1) this AVR has 2 ch driven power settings, is it more desirable to have all channels driven? does it cost an arm/leg to have this?
2) comparing this to some of the yamahas, its power output is only 50w versus 80w in the yamaha at a similar THD. will this mean that i wont get as much juice to my speakers and have to pump the volume up a lot?

thanks in advance for the help. i love the way this avr looks. i am looking in the 400-500 range, but dont need the networking features. just something to give me awesome sound/video for sports/movies.
post #509 of 770
Quote:
Originally Posted by jdsmoothie View Post

What you experienced with your previous pre-amp is what you should likely expect to experience with the 1403 as well. AFAIK, the pre-amp gain is 1.2v and generally adding an external amp should not be an issue. Have you confirmed the powered speakers themselves are still functioning properly?

Yup. So it turned out that I had the wiring screwed up - I installed the set in a great hurry, as I was going on vacation trip. It turns out that tube-buffer (Yaqin) can actually run backwards, but it attenuates the signal significantly. Who would have thought rolleyes.gif. Everything good, the pre-out gain is OK and the Genelecs sing. I have no reference to compare to, but the quality from the pre-outs seems to be quite OK. Actually it turns out that local hifi retailers have actually sold this pre-amp as a package with the G's.
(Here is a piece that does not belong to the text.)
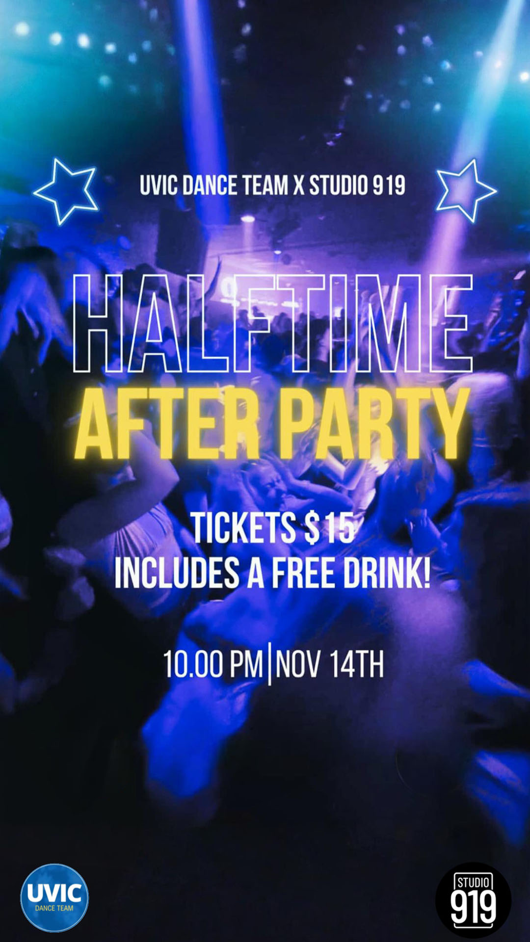 Get ready for an awesome, music filled night full of dancing and celebrating the sports community at UVIC. Join the UVDC at Studio 919 November 14th to keep the UVIC hype going after the Basketball Game, where the dancers will be performing a Beyonce inspired halftime performance.

I can recommend the NR1403 for 2-channel active speaker purposes. Easy to set up, Audysset brings all kinds of possibilities and it decodes a variety of formats nicely (such as SACD).

Now that I have an AV-amp, I cant stop thinking about extending to a 4.0 system by adding some ultra compact rear speakers...
post #510 of 770
Lohajat, I have the 1403 also and was concerned a bit about the power too. But I hooked it up and gave it a spin. It sounded great but I did in fact have to crank it up past half-way. Solution? It has preamp out for the towers. I had my Kenwood L09Ms hooked up and problem solved but overkill. So I went onto ebay and scored a nice pair of Kenwood L07Ms. Perfect.